Dado que la mayoría de las personas en los Estados Unidos no se exponen adecuadamente al sol durante todo el año para producir suficiente vitamina D, muchos estadounidenses tienen niveles deficientes o insuficientes de vitamina D. Los niveles más altos de vitamina D están asociados con un menor riesgo de espondilitis anquilosante y niveles más bajos de actividad de la enfermedad.

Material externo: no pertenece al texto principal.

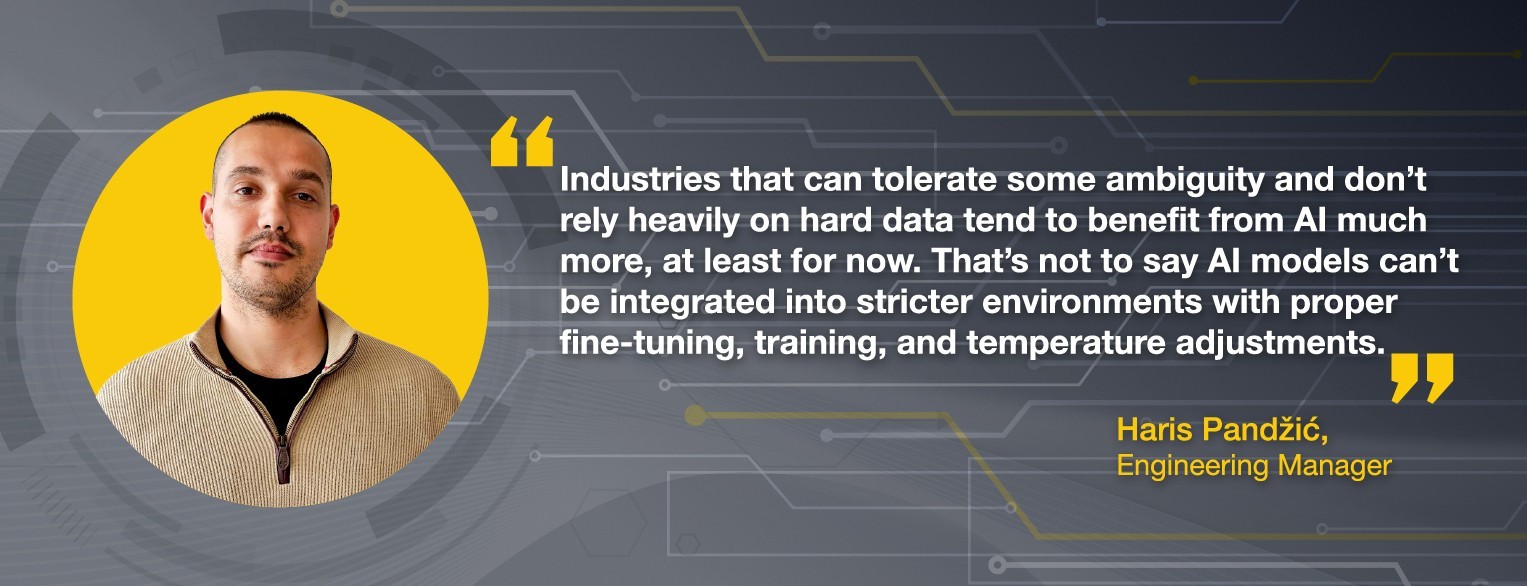 On the other hand, industries that can tolerate some ambiguity and don't rely heavily on hard data tend to benefit from AI much more, at least for now. That's not to say AI models can't be integrated into stricter environments with proper fine-tuning, training, and temperature adjustments.

Otro estudio analizó los suplementos de vitamina D y omega 3, que mostraron una tasa significativamente más baja de enfermedades autoinmunes en pacientes que tomaban suplementos de vitamina D con regularidad.

Costo

Mucha gente cree que comer sano puede ser costoso, pero seguir una dieta antiinflamatoria puede ser asequible y factible. Comprar localmente y según la temporada puede ayudar a que los costos de los productos sean asequibles al eliminar los costos de envío de alimentos desde otras regiones. Comprar alimentos a granel, especialmente alimentos como aves, pescado y verduras que se pueden almacenar en el congelador, también puede ayudar a reducir el precio de los alimentos.

Resumen

Si bien no existen pautas dietéticas específicas para la espondilitis anquilosante, mantener una dieta antiinflamatoria llena de alimentos integrales y sin procesar puede ayudar a disminuir la inflamación en todo el cuerpo, lo que reducirá la gravedad de los síntomas y la probabilidad de brotes.

Además, seguir una dieta baja en almidón puede ser particularmente beneficioso para la espondilitis anquilosante al limitar el crecimiento de ciertas bacterias que pueden desencadenar la afección, mientras que la suplementación con vitamina D y probióticos puede ayudar a mantener un sistema inmunológico saludable.

Una palabra de MEDSALUD

El tratamiento de la espondilitis anquilosante puede ser un desafío e involucra múltiples métodos para ayudarlo a sentirse lo mejor posible. Considere hablar con su proveedor de atención médica o un dietista registrado para ayudarlo a implementar hábitos alimenticios saludables. Con o sin condiciones autoinmunes, muchas personas tienden a sentirse mejor cuando reemplazan los alimentos procesados ​​y refinados con opciones más saludables.